Hardware RAID Volumes

When a volume is deleted, the RAID controller removes the volume descriptor on the physical disks but it does not destroy the data itself; the data is still there. There are ways to recover the data using the controller itself. MegaRAID volume recovery documentation suggests that you to re-create the volume using the same parameters and disk order as the original RAID. For example, if you know that it was a 256k stripe then you can recreate the array with the same disk ordering and same stripe size. However, for a raid volume that has been in service for years, how can this possibly be known unless someone wrote it down?

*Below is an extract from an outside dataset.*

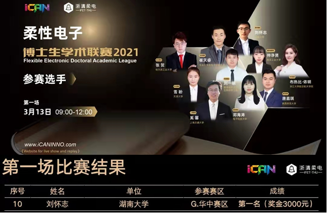 11月12日,由浙江清华柔性电子技术研究院联合艾瞰(iCAN International Contest of innovAtioN)举办的“2021年全国柔性电子博士生学术联赛总决赛”圆满落下帷幕,来自清华大学、北京大学、中科院等高校和科研院所的100名博士研究生参加了比赛。经过十大赛区的层层选拔,我院2018级博士研究生刘怀志成功入围华中科技大学黄永安老师领衔的华中赛区,并凭借其研究课题“柔性智慧微金属网格”在开赛阶段以优异表现荣获“单场冠军”,同时在总决赛舞台上凭借精彩发挥荣获“年度优秀奖”。该赛事由湖南大学段辉高、张冠华、陈逢军等老师指导,受到了机械学院领导的高度重视和支持。
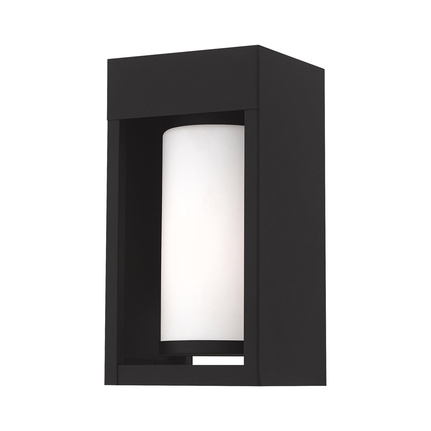 The 20981-04 Bleecker Outdoor Wall Lantern is a perfect blend of modern style and durability. Featuring a solid brass construction, it showcases a striking black finish that enhances its contemporary appeal. This lantern is designed for one medium base bulb with a maximum wattage of 60W (bulb not included) and measures 4.875 inches in width, 9.25 inches in height, and extends 5.25 inches from the wall. Its hand-blown satin opal white cylinder glass shade diffuses light beautifully. Suitable for both damp and wet locations, this handcrafted fixture is ideal for enhancing outdoor spaces.

While the controller would then stamp the disks with a new header and leave the data alone, theoretically there will be no data loss and the array will continue as it had originally. This procedure comes with quite a bit of risk. if the parameters are off then you can introduce data corruption. Thus, you should back up each disk individually as a raw full disk image. Unfortunately this takes a long time and as far from convenient. If you get the parameters wrong then the data should be restored before trying again to guarantee consistency, and that takes even longer.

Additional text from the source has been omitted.